Friday, February 13, 2009

The Nature of the Beast

May-June-2008, PS Magizine

I can’t stress enough as a former arena manager, the importance of having qualified, well trained skating school and competitive figure skating coaches. Having an untrained professional on staff is like handing over the key to the ice resurfacer (or someone) just because they have a driver’s license. Furthermore, being a good competitive skater did not necessarily guarantee that I would be a good coach. Arguably, arena owners and managers, who are frequently hockey enthusiasts, have difficulty understanding the business of figure skating; they often hire 16 year old skaters or former competitors who have no formal training. The same goes with US Figure Skating Clubs. Club Boards are often filled with parents whose only mission is to look out for the best interest of THEIR child. How many coaches encourage their skaters' parents to join the board? More significantly, these are the people who hire the skating school staff.
I hear increasingly how coaches feel that they are being treated unfairly, either by their club or rink management. Some of this I can chalk up to personality conflicts but as I hear of more and more “issues,” I’m wondering if there isn’t a bigger problem.
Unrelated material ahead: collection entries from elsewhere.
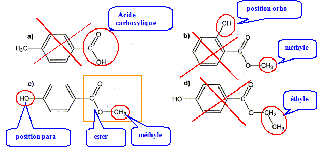 Les cosmétiques sont des produits d'hygiène et d'embellissement du corps humain. Ils sont de plus en plus nombreux dans nos salles de bain. On classe dans les cosmétiques, les produits de soin, de maquillage, de rasage, des produits capillaires, solaires, des parfums... Un cosmétique contient plusieurs ingrédients dont un ou plusieurs principes actifs, un excipient et des additifs. L'emballage d'un produit cosmétique doit comporter la liste complète des ingédients. Dans cet exercice on se propose d'étudier quelques composants des produits cosmétiques. Les parabènes : Les parabènes ( paraben en anglais) sont des conservateurs utilisés dans l'industrie cosmétique pour empécher la prolifération des bactéris et des champignons. On les trouve dans bon nombre de produits de beauté : shampoings, gels douches, crèmeshydratantes....Les parabènes les plus courants sont : le méthylparaben, l'éthylparaben, le propylparaben et le buthylparaben. La formule semi-développée du propylparaben ou parahydroxybenzoate de propyle est :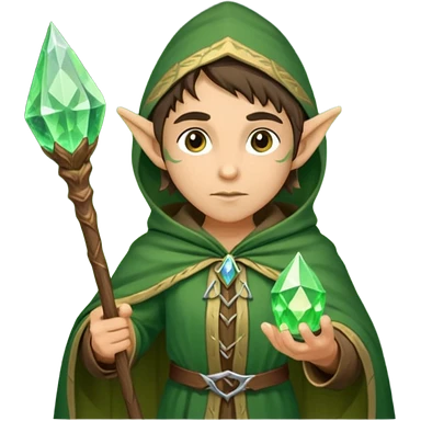 { "type": "human", "look": "forest elf mage, green cloak, wooden staff, glowing crystal tip", "description": "a forest elf mage in green cloak holding a wooden staff with a glowing crystal tip" } emoji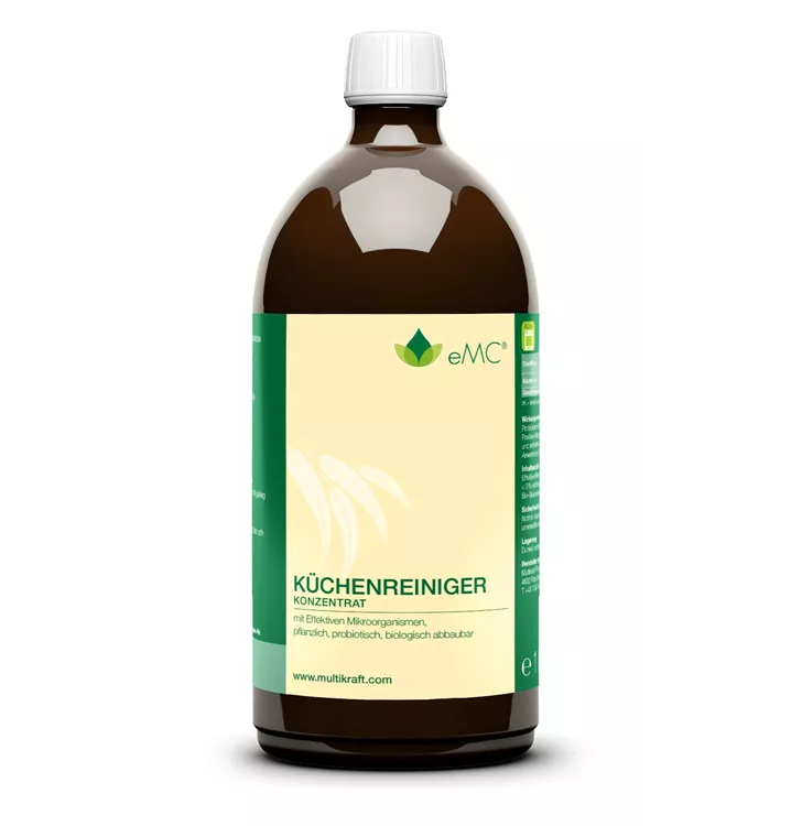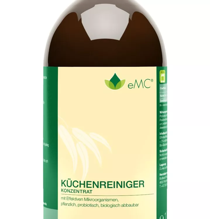 Der eMC Küchenreiniger kann im gesamten Bereich der Küche und Großküche eingesetzt werden. Der Einsatzbereich ist besonders vielseitig: Als Sprühlösung kann er auf Herd und im Backrohr genauso wie im Kühlschrank verwendet werden, im Geschirrspüler und bei Abwasch ersetzt er das herkömmliche Geschirrspülmittel. Dank natürlicher Inhaltsstoffe sind alle eMC Reiniger besonders hautschonend und auch für Allergiker geeignet. Der eMC Küchenreiniger wurde bei Untersuchungen im Vergleich zu chemischen Reinigern und Desinfektionsmitteln getestet und weist deutliche Vorteile in der Bescherrschung mikrobiologischer Verunreinigungen auf und ist aus lebensmittelhygienischer Sicht vorteilhaft anzuwenden. Alle eMC Reiniger sind Konzentrate mit besonders hoher Verdünnungsrate.

Here is an excerpt of one recent e-mail.

“…you have unqualified teachers watering the sport down, … who are interfering with “real coaches” livelihoods to teachers who can’t do a three-turn well, literally, who are teaching freestyle private lessons, because some Club let them, due to the fact that they don’t have to have accomplished anything in skating to be able to join the PSA in the first place. If they are book smart and talk to enough Pros, they can learn enough to pass a PSA exam, but still can’t skate worth a darn.”
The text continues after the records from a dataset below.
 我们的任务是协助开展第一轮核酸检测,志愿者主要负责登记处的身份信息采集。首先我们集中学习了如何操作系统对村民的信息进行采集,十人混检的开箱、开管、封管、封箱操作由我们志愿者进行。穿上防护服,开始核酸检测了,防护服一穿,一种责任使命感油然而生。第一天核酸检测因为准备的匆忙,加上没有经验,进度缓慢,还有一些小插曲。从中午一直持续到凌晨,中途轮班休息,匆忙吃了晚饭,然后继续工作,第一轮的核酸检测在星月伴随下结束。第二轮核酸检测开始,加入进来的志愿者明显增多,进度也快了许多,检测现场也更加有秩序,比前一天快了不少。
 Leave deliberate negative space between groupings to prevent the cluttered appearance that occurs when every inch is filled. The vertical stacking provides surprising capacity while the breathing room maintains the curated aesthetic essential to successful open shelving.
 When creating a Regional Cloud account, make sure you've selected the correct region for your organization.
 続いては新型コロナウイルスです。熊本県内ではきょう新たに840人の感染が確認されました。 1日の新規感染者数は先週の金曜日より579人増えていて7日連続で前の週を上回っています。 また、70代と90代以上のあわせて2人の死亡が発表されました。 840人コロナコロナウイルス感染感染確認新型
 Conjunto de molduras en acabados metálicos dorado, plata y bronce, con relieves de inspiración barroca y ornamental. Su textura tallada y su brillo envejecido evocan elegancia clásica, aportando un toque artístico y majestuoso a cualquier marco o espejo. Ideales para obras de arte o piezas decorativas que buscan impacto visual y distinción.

My first thought was that Gus Lussi was a Ski Jumper. Arguably the greatest technical coach of any time, a member of the PSA Hall of Fame, Mr. Lussi taught from a stool, no skates. My second thought was that I had recently taken my first exams; the BA followed by the Certified Program Director. I don’t believe that by having a few “conversations” with a coach is going to help someone pass a PSA certification test. What I do know is not having a certification program would be worse. We must have standards. We all know that not every judge’s panel will judge a Moves test the same. How many times have we heard of skaters going to a particular club because “they pass everything.” Comparatively, we know that not all Master rated coaches are great teachers just as we know there are great teachers who have no ratings. There are plenty of doctors in the world. Would you allow any of them to operate on you or a loved one? NO, you would ask for referrals and if you are smart would ask them if they have been recently recertified in the area of their expertise. We must have a way to establish the coaches from the pretenders. The PSA continues to work hard on improving our profession, the key to all relationships.
Two more important cogs in this wheel are education and communication. The education of rink management and clubs on our business practices and what to expect from a Figure Skating program are essential. A PSA rated coach is going to be an asset to their facility. They will keep skaters in their programs longer and provide a professional level of stability that will create a revenue stream during non-prime hours. Although many managers believe that their hourly rate must be achieved in order to be successful, competitive figure skaters will spend on average $3600 on ice and programs annually (2 sessions daily @ $7, M-F for twelve months). One coach, PSA rated hopefully, with 20 students can generate annual revenue for non- prime ice in excess of $70,000. If you compare that to one hockey team who has an average of 3 hours of ice a week from September to March and at a rate of $200 per hour, revenue will top out at $16,800. The difference is obviously the amount of ice used, but a well balanced program can see equal revenue between hockey and the LTS/Competitive Figure Skating program. Even more importantly, coaches need to understand what the rinks and clubs expect and need from us. Rinks and Clubs expect coaches to sell their programs, not just promote private lessons. In the words of PSA Master rated Coach Janice Forbes, “A rink can’t be successful without you; you can’t be successful without the rink.”